Las Vegas Sun

May 10, 2024

Guest Column:

Investors would benefit from bill

Senate Majority Leader Aaron Ford recently presented Senate Bill 383, a measure aimed at ensuring financial planners, advisers and broker-dealers are required under law to put the interests of their clients first when investing their savings. This requirement is commonly known as the Fiduciary Rule.

This bill should clear the Legislature and be signed by Gov. Brian Sandoval with ease, but of course everything changes when money enters the picture. The bill made it out of the Senate, but without the support of a single Republican. This perplexes me.

I have spent the last 37 years as a professional insurance agent specializing in, but not limited to, coverage for seniors. Most people have no idea what the word fiduciary means and may not understand that SB 383 is a bill to protect their hard-earned retirement from less-than-ethical broker/dealers and people who give investment advice. I have personally met many seniors who have been taken advantage of by unethical broker-dealers, either losing their retirement funds or being steered into investments that benefited the broker-dealer more than the client.

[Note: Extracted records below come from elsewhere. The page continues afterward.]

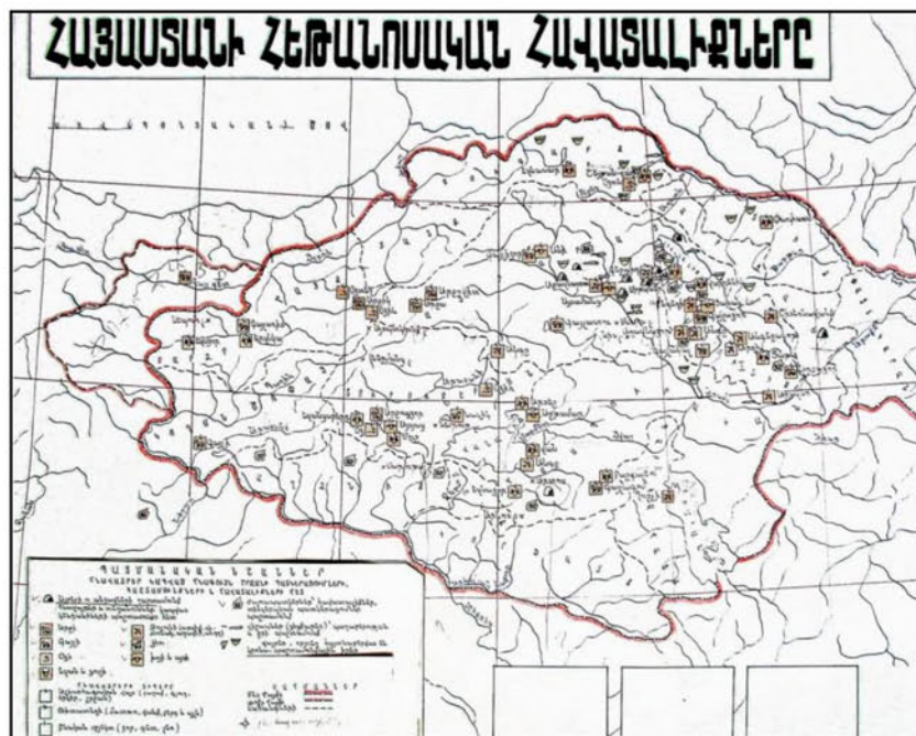
Fig. 2. Pagan Beliefs in Armenia

B/ The second map – “Pagan Beliefs in Armenia”, reflects the oldest religious beliefs and related pantheistic notions, including the worship of mountains and caves, plants and animals, rivers and lakes, etc. (fig. 2). The map also shows the places of worship of the stone stelas – vishaps (dragons), petroglyphs with cult content, the sanctuaries and all sorts of shrines created by nature and man.
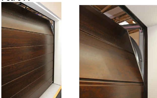
Fot. 6 i 7

Zaprezentowany na targach czujnik wilgotności umożliwia zaprogramowanie wentylowania garażu przy zamkniętej bramie.
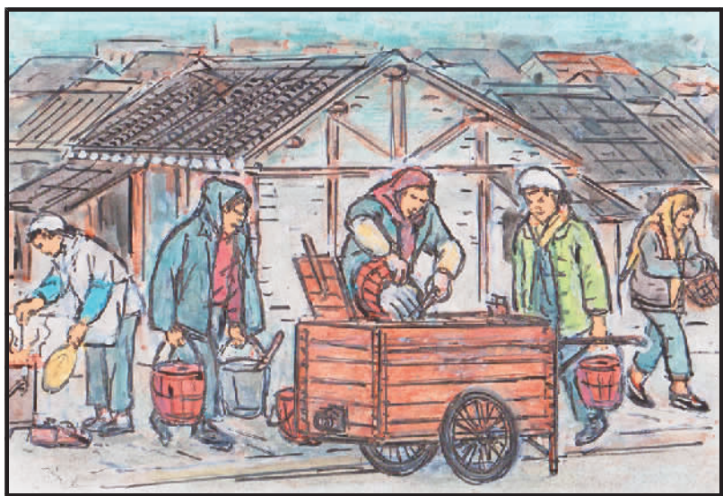
4 严冬门窗寒风穿,晨生煤炉倒马桶。深夜排队去买菜,洪南山人够艰苦。
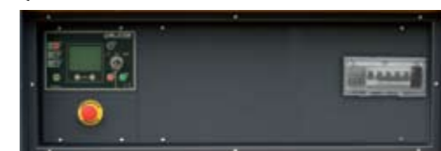
QPE-C-OC ( +011) Automatic panel without switching on board Quadro automatico senza commutazione
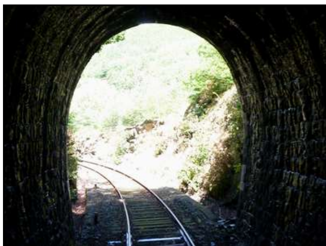
L'entrée vue de l'intérieur
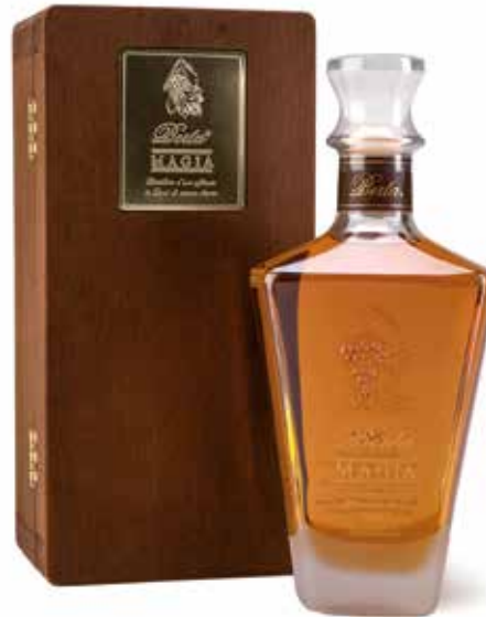
Grappa Magi 10 Jahre fassgelagert
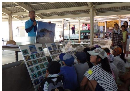
▲干潟についての説明を聴く参加者
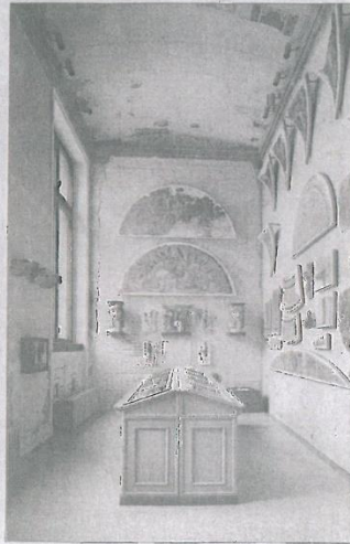
'베를린 노이에 미술관'
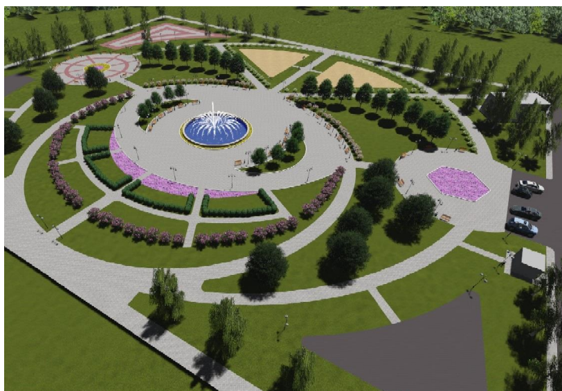
Рисунок 2.3D – визуализация территории многофункционального парка в мкр.

В центральной части парка будет располагаться фонтан, возле которого размещены парковые диваны, кованые урны и садовые фонари. В жаркое время эта зона будет притеняться за счет рядовых насаждений каштана конского. Это позволит сделать отдых посетителей более комфортным.
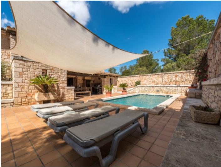
Sonnterrasse am Pool
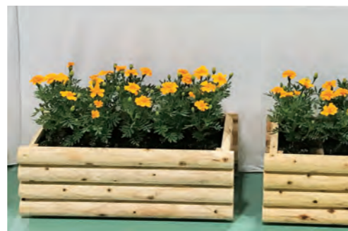
プランターカバー
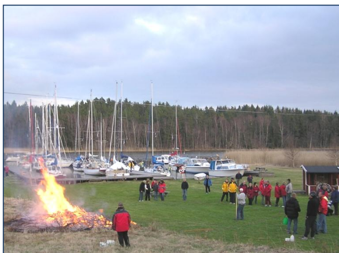
Det är bara 5-6 veckor till valborg. Håll ut, våren kommer!
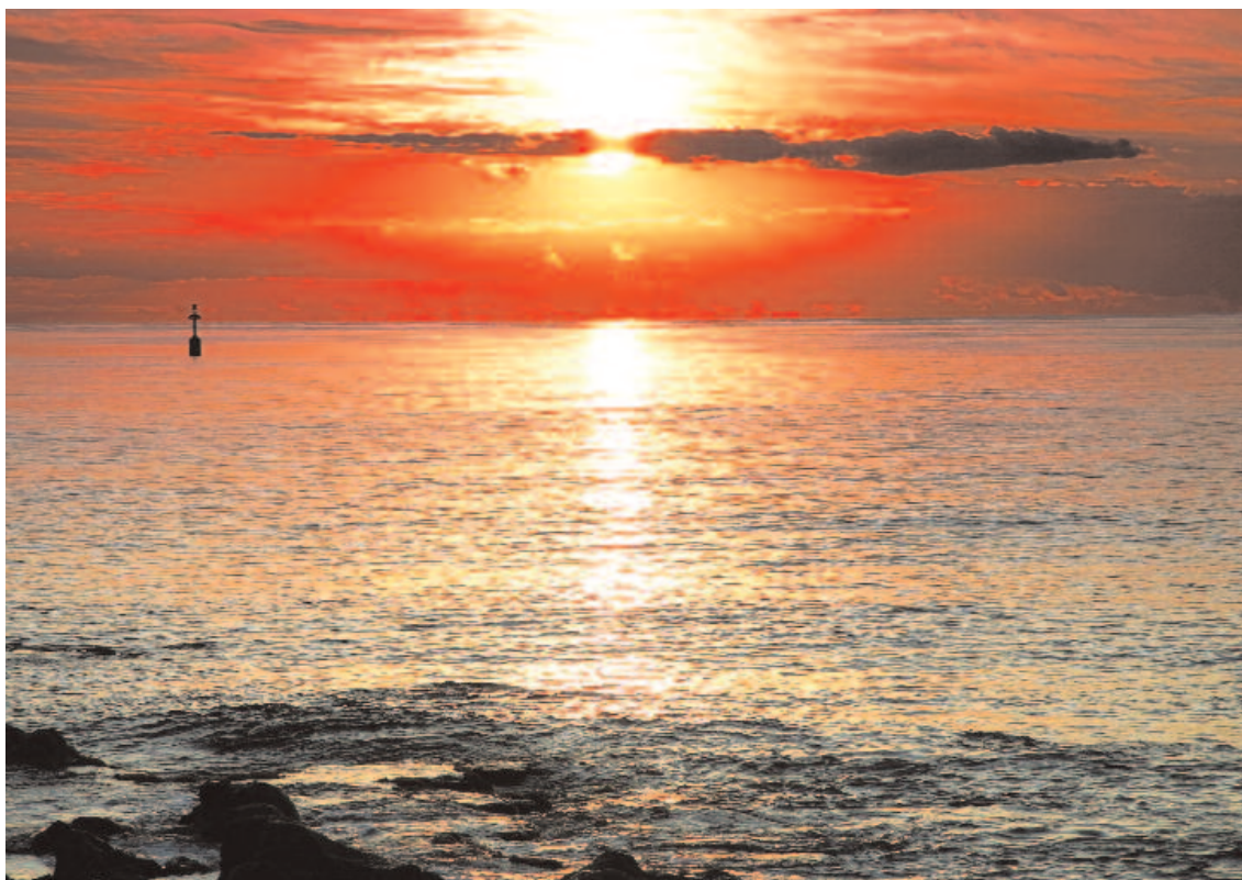
Tramonto a Ustica.
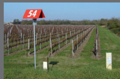
Différents types de bornes repérant les canalisations de transport
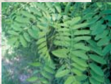
NAVADNA ROBINJA ( Robinia pseudoacacia )
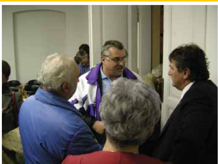
Jiří Šulc mezi občany na hejtmanském dnu v Litoměřicích.
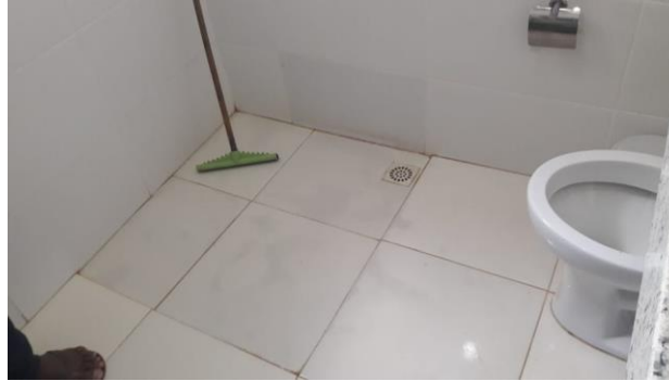
Figura 7 – Mancha d'água em cerâmica instalada no banheiro.
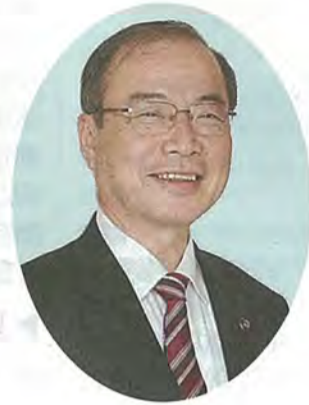
八幡市長 堀口文昭

本市の将来都市像である「自然と歴史文化が調和し、人が輝く、やすらぎの生活都市」の実現に向け、定められた七つの基本目標、なかでも当面は、教育、活力、安心・安全を軸とし、これからのわがまち八幡づくりを進めてまいります。
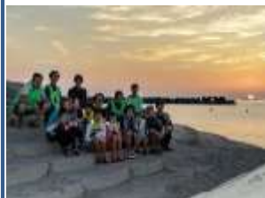
ナイトシュノーケリング体験

In its simplest form, fiduciary means “a level of trust.” An accountant operates as a fiduciary. A title company operates as a fiduciary. Your bank operates as a fiduciary. In most states an insurance agent operates as a fiduciary. You trust that they will do right where your finances are concerned. Fiduciaries are held to a higher standard because you trust they will not do you any harm when dealing with your money.

At the federal level, a new fiduciary standard was supposed to go into effect this month that would have made SB 383 unnecessary. Unfortunately, the Trump administration halted the scheduled implementation of this new standard. Now it is up to the state of Nevada to protect our seniors from irresponsible investment advisers and broker-dealers.

Is SB 383 really necessary? You be the judge. Not too many years ago, I met with a prospective client, age 77, who had gone to a financial adviser/broker when she retired at age 62. He advised her to put 100 percent of her liquid assets into the stock market. She started with $106,000 at age 62, and now had $142,00 in her account at age 77. Her return on investment in 15 years amounted to just over 2 percent per year. Her financial adviser/broker however, had made well over 5 percent per year in fees from her money. He made $85,000 from her investments by churning her account, and she made $36,000. Nice work if you can get it. Was he acting in her best interest?

This example is not an isolated incident; I could provide many more. This type of abuse is happening every day to elderly people all over the country who are not protected against those who would take advantage of their lack of financial acumen. Sen. Ford’s bill will change that by putting financial advisers and broker-dealers under the same fiduciary rules as financial planners. Isn’t it time that financial planners, advisers and broker-dealers be required to put their client’s needs before their own? I believe it is, along with countless Nevadans who deserve to have their hard-earned savings protected.

Richard W. Munk is a Las Vegas resident.